Y sin oír más se lanza a la calle. Sobre las rayas del sudor, por la prisa, le parece que corre ventolina fresca. Aspira hondo. Todos los balcones de la ciudad están iluminados. Todas las ventanas están abiertas. Nunca hubo tanta luz en Valencia, ni en los Viveros cuando hay verbena, ni en la Alameda por la feria.

Y los terrados –piensa Gabriel–, no se dan cuenta de que con tanta luz favorecen a los «pacos»5 apostados en las azoteas. Marcha rápido.

¿Cuánto hay hasta casa del médico? ¿Trescientos, cuatrocientos, quinientos metros? ¡Me olvidé la pistola! Gabriel se palpa el bolsillo trasero del pantalón. ¡Menos mal!: Lleva el carnet del Sindicato. Ahora al pasar por los Dominicos6 pediré el santo y seña. Bueno ya no se llama santo y seña, sino la consigna.7 Gabriel se para y se seca el sudor. Quiere correr, llegar lo antes posible, y, por otra parte, no quisiera llegar nunca. Gabriel quiere a Ángela, pero le repugna el peso blandengue del feto. De pronto tiene miedo de que muera por su culpa. Piensa en el golpe, brusco. Pero no, ¿qué más podía haber hecho? Si no se llega a arrodillar a tiempo, el niño hubiese caído al suelo. Niño, no: niña. Se alegra. Gabriel pasa frente a los Dominicos sin darse cuenta, sin acordarse de que se proponía entrar para que le soplaran la palabra mágica. Pasa ante la fábrica de luz, el colegio, atraviesa la calle de Colón, solitaria. Entra en la calle del doctor Romagosa. Sube jadeante la escalera del médico. La criada le ataja el paso.

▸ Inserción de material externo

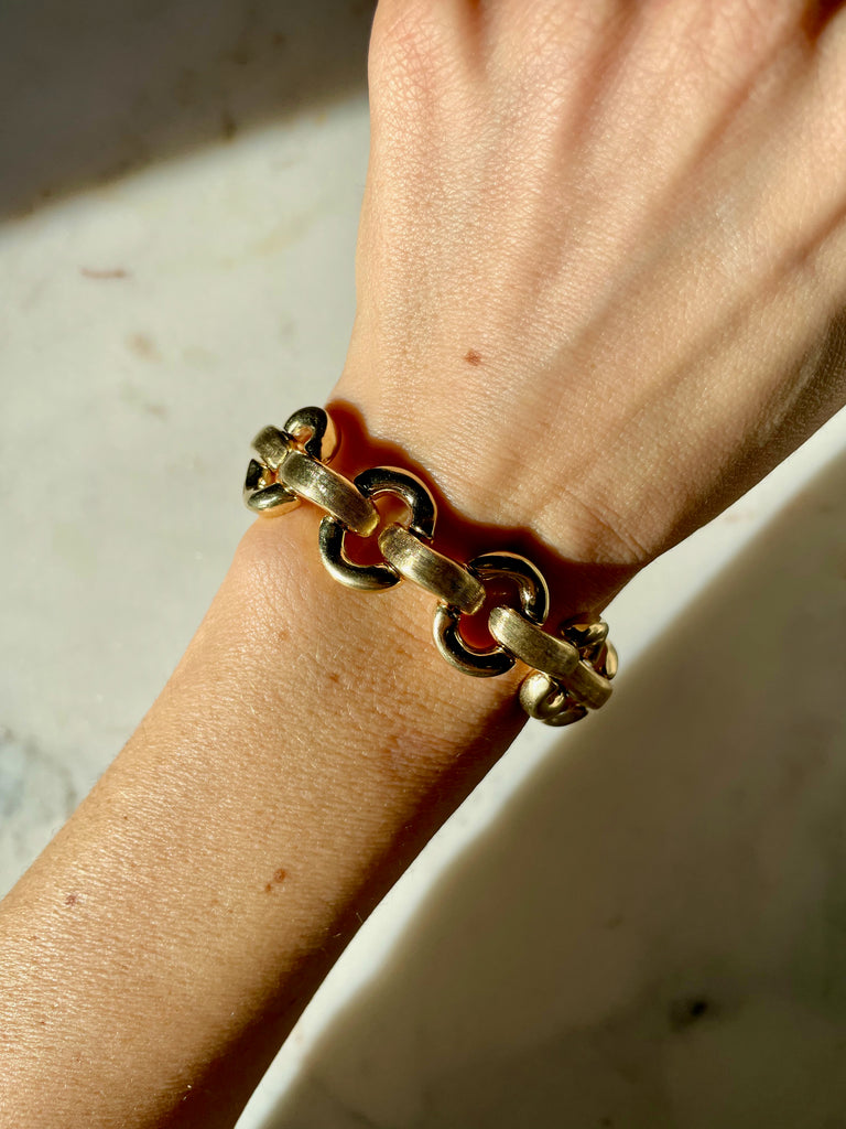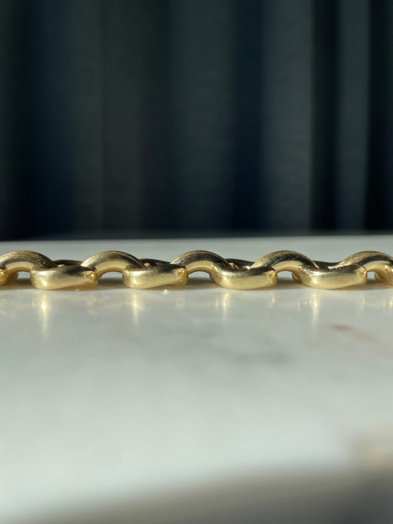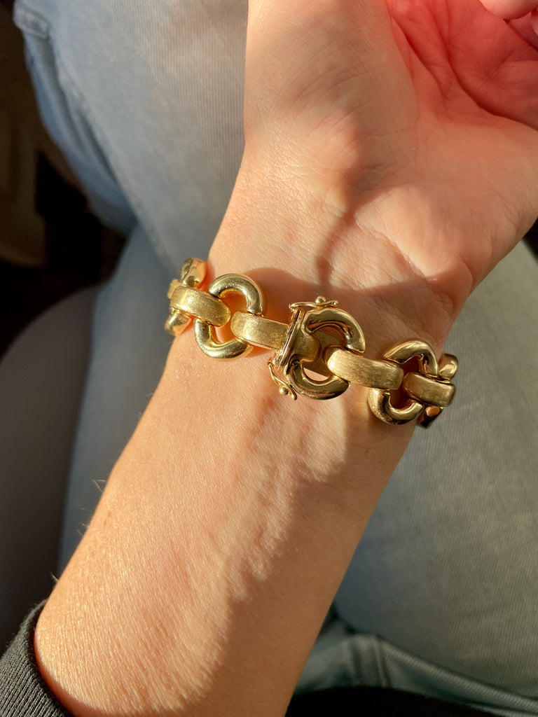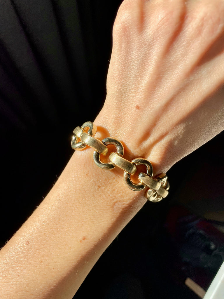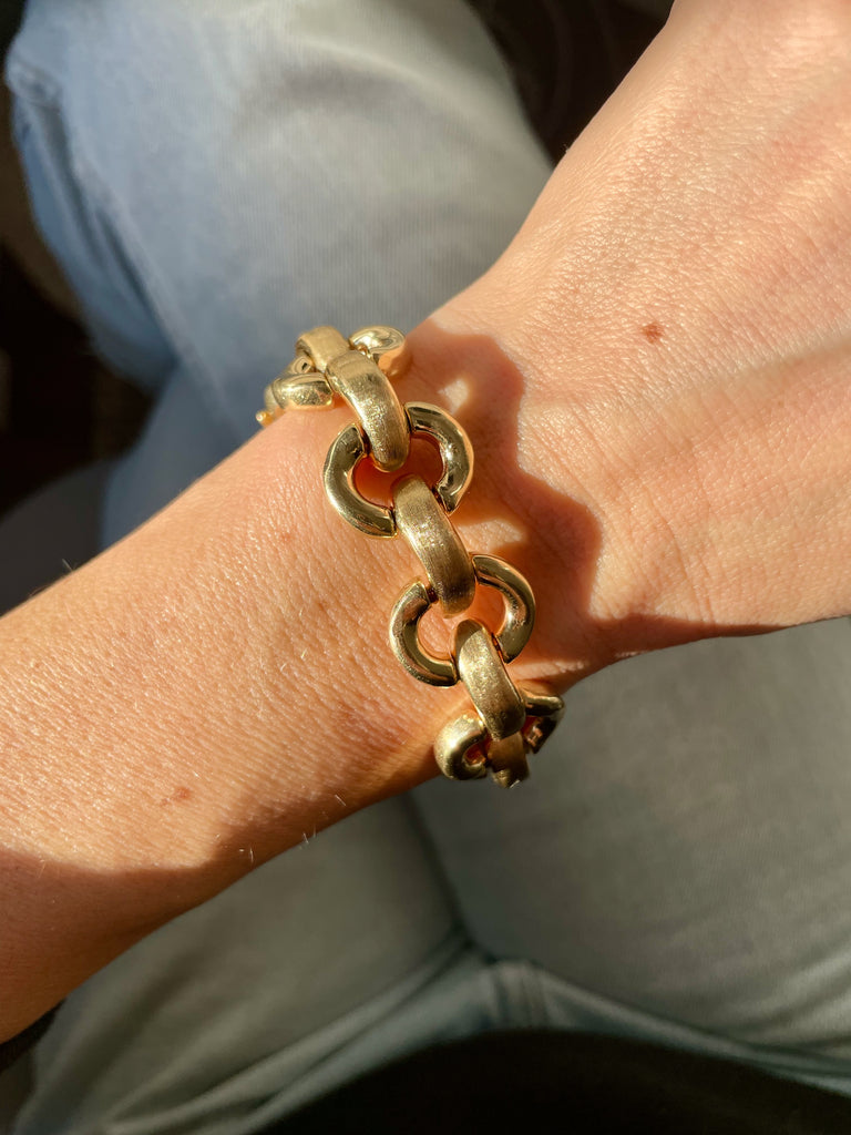 I absolutely adore this incredibly chic vintage oval link bracelet. The oval links and mixed finishes give this piece a unique and elevated look, and the hidden clasp and two safety clasps keep it secure. This piece is timeless, elegant and cool.

–El doctor no está. Creo que fue a su casa. Llamó por teléfono.

Gabriel se tranquiliza. De pronto, como si le ligaran todos los miembros, se siente impotente para el menor esfuerzo. No podría alzar una mano. La criada:

–Siéntese.

Gabriel se deja caer. Sopla. Se lleva la mano a la frente. Piensa: –¿No te da vergüenza? ¿Es esto de lo que eres capaz?

Se levanta, sale. Todavía las escurriduras del sudor.

–¡Qué paquete! Porque era un verdadero paquete. Así se viene al mundo. ¡En qué tiempos naces, hija! Está bonita la ciudad así, iluminada; si los rebeldes tuvieran aviones, ¡qué blanco! Que eso de los pacos, cuentos… Lo que sucede es que es divertido tirar tiros.

La ciudad iluminada.8 No hay posibilidad, en la mente de Gabriel Rojas, que se dé cuenta del retintín volandero que la palabra hubiese, tal vez, despertado en otros.

Un ruido seco, un golpe. Negro. Gabriel Rojas cae al suelo, como un saco. Le dieron por detrás, en medio de la cabeza, donde empezaba a clarearle el pelo, en calva de zapatero.

Acuden policías y milicianos y se generaliza el tiroteo, de acera a azotea.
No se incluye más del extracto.